Health

Patients Aren’t Playing Along With Skin in the Game

One of the great hopes in recent years for controlling runaway health costs is to increase patients’ financial stakes in paying for care. This shift in payment responsibility aims to make health more like other industries, where consumers price shop and providers compete for their business.

The practical application of this theory is the high-deductible health plan, and it has been applied vigorously by employers. In the past five years, the percentage of adults aged 18-64 with employment-based coverage enrolled in an HDHP increased from 26.3 percent to 39.3 percent. In the Affordable Care Act’s individual marketplaces, almost 90 percent of 2015 enrollees were in a high-deductible plan with a deductible of at least $1,300 for individuals and $2,600 for families. Many faced many thousands of additional dollars out of pocket before their insurance kicked in.

These consumers literally have their skin in the game. Standard economic behavior under these conditions should look a lot like car shopping, with research and comparisons and maybe even deal making, all of which would make providers respond with better pricing.

But it’s not happening. Despite a 67-percent increase in deductibles in the employer market since 2010, patients did not do any meaningful comparison shopping. This preeminent market-based solution to cost control needs to be drastically re-thought.

I recently helped conduct a national survey of almost 3,000 non-elderly adults who had received medical care in the past 12 months. Only 13 percent of those who encountered out-of-pocket costs had sought some information about their expected spending before receiving care, and only 3 percent had gone to the trouble of actually comparing costs across providers.

These patients are not driven by a misconception about quality and price: A majority believed that high-cost providers did not necessarily offer higher quality, and that price shopping was important. But when it came down to it, they were in the dark about how to proceed and very dependent on their doctors and hospitals for guidance.

A number of studies demonstrate that as consumers’ costs rise, their use of care drops — which means HDHPs do result in less spending. But they are not reducing spending in smart ways. In a recent study, I found that even though high-value care like preventive care is free in high-deductible plans, there is no change in use after enrollment in these plans. Similarly, people do not seem to be reducing use of low-value care, such as imaging for back pain, when faced with higher deductibles. In a separate study of how enrollees in HDHPs changed their use of drugs, I found the overwhelming percentage of total savings came from reducing use of therapies rather than switching to lower-cost generics.

Recently a colleague on the national survey, Ateev Mehrotra of Harvard, wrote about his own horrible experience with a high-deductible plan. He was shopping for the best price for a necessary surgery to remove a stye from his daughter’s eyelid. He had every advantage possible — he lived in Massachusetts where price transparency laws are in effect, he is a physician and health policy researcher with lots of inside information, and the surgery was not urgent so there was time to shop.

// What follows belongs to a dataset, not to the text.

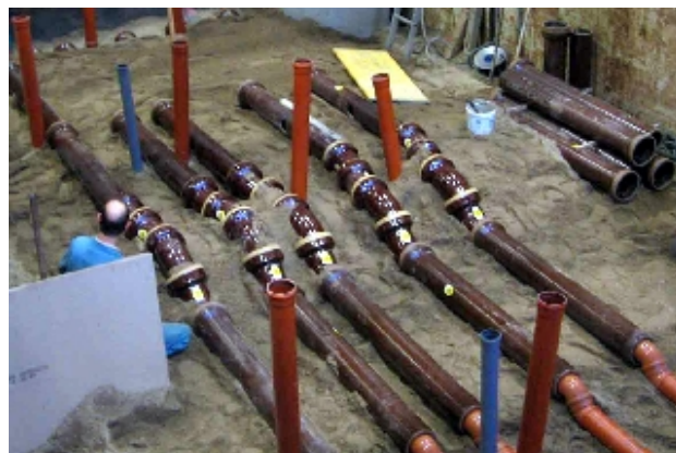
Opbouw van een leidingnetwerk in de grote proefopstelling van IKT.

Een bijzondere specialiteit van IKT zijn de productvergelijkingen , waarin producten en methoden onder laboratorium- en praktijkomstandigheden tot op de bodem worden

After a month of struggling to get price quotes from his health plan and ophthalmologists, he gave up and had his daughter’s original ophthalmologist proceed even though he had no idea what the final bill would be.

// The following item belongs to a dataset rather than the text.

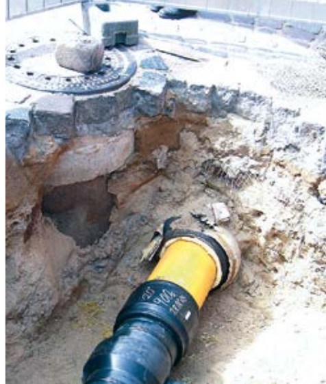
Folgekosten für die Infrastruktur von Baugebieten werden häufig unterschätzt

Im Jahr 2011 startete die Oberste Baubehörde im Bayerischen Staatsministerium des Innern, für Bau und Verkehr gemeinsam mit dem Bayerischen Landesamt für Umwelt das Modellprojekt „Infrastruktur-Folgekosten von geplanten Wohnbaugebieten“, um den FolgekostenSchätzer in der kommunalen Praxis zu testen und an die Bedarfe der bayerischen Kommunen anzupassen. „Der Flächenverbrauch durch Siedlung und Verkehr ist in Bayern mit 18 Hektar pro Tag (Stand 2013) immer noch hoch, obwohl die Bevölkerungszahlen bereits vielerorts stagnieren oder abnehmen“, erläutert Claus Hensold vom Bayerischen Landesamt für Umwelt. „Unser Anliegen ist, die Kommunen zu einer kompakten, flächensparenden Siedlungspolitik zu motivieren, also beispielsweise Brachflächen und Baulücken im Innenbereich zu nutzen.“

Medical pricing is notoriously opaque, so advocates of consumer-driven care argue that increasing transparency would result in more effective shopping. But as my colleague’s experience demonstrated, transparency is a difficult concept to pin down and execute. And even if adequate tools are available, we found that overall rates of use are low. Patients generally feel ill-equipped to make medical decisions and might just want their doctors to decide where to get the next medical test or procedure.

It’s time to give up on trying to force patients to be the cost controllers in health care – especially with blunt tools such as high deductibles. A better way is to increase skin in the game for doctors and medical groups, whose knowledge and experience naturally make them much better shoppers. We know doctors respond to financial incentives and nudges in smart ways. Medical groups given a set annual budget for caring for a specified population reduced spending by about 6 percent in the first year, and much of the savings was due to referrals to lower price providers and settings.

If insurers, both public and private, create incentives for doctors and other providers to make value-based decisions, we can take consumers off the hook and make real progress in reining in American health care costs.

 

Neeraj Sood, Ph.D., is a professor at the Leonard D. Schaeffer Center for Health Policy & Economics and the Price School of Public Policy at the University of Southern California.